Monday, May 08, 2006

Managing attention

My client this week is attending the largest conference in their industry. For this, I have been preparing materials and redesigning their website. As happens sometimes at the last minute with websites, software didn't come through in time (they aren't a start-up remember) and we missed the launch. Yet all of the executives and materials are at the conference. And the website launch goes into a list of Post-Conference Tasks. There is no contact form, no tracking, no optimized keywords, the list goes on. My demand generation dream just turned into a nightmare. I half want to go to the conference and tell everyone I see, yes I'm the marketing manager but that's NOT my design. Yes I have materials to send to you on their products. No, they won't look like anything you've seen from the company. Yes there is an 800 number, but no we can't post it yet. For a moment, I miss the light stepping start-ups, get-it-done-now environment. Not the 4 page change control document I was given here, which, funny enough, doesn't change a darn thing.

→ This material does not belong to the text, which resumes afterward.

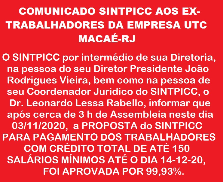 O SINTPICC vem por meio do seu Diretor Presidente João Rodrigues
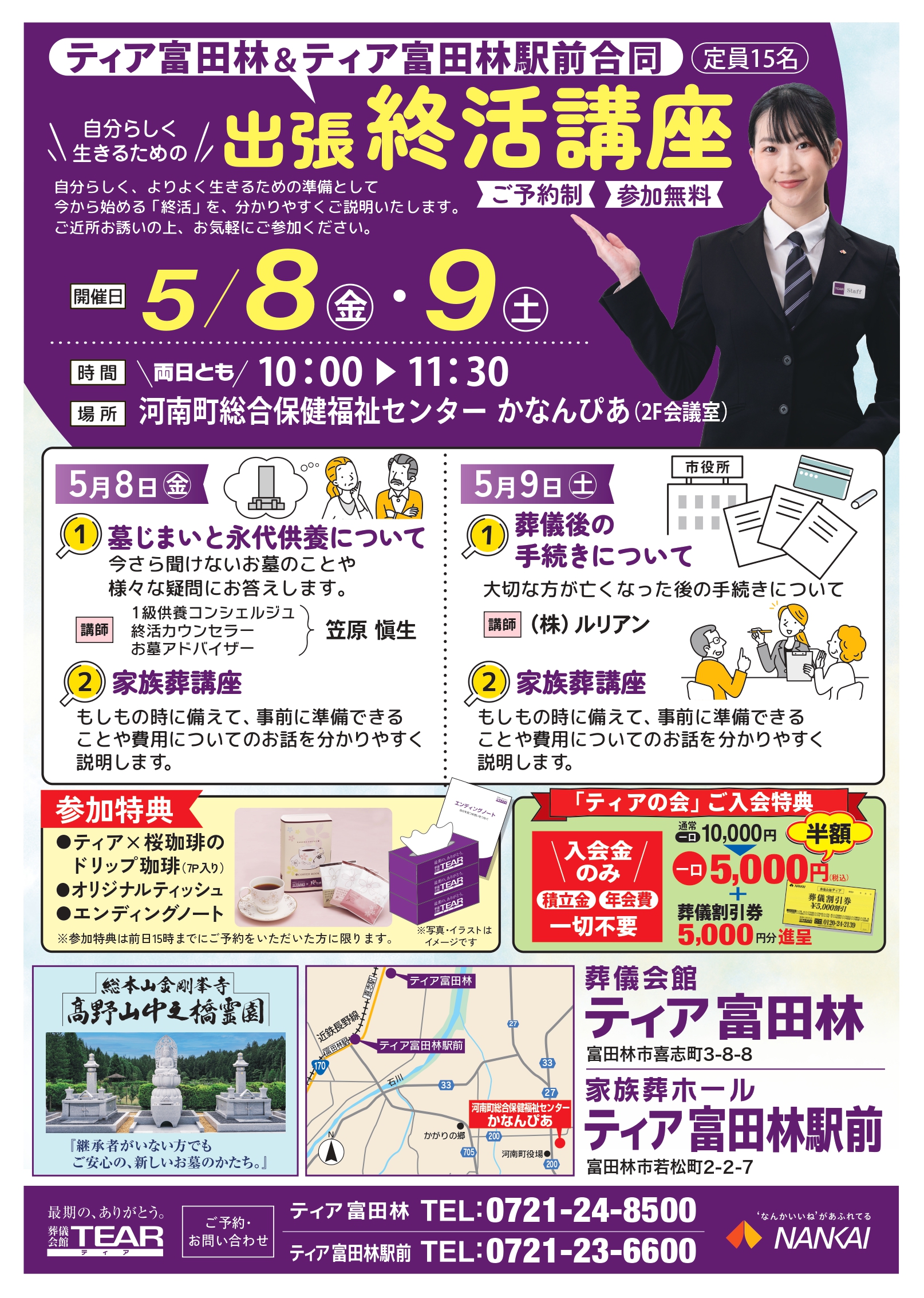 ティア富田林&ティア富田林駅前 出張終活講座 / 墓じまい・葬儀後の手続き&お葬式の流れと費用について

Ok, you see me. Now what?As a marketeer, managing the attention you are lucky enough to draw up is important. Digging up the interest is only half the war. What happens when the eyes or ears or fingers eagar to click the next exciting thing are sitting in front of you? I learned some lessons last week at the OnHollywood conference put on by Tony Perkins in this regard, after some kind words were wrapped around a spot-on critisism of me, that managing attention is something I could do better. Always have a backup plan, always be considering your offline channel mix, always use licensed software if your customers will be touched by your services and listen to smart people who say smart things.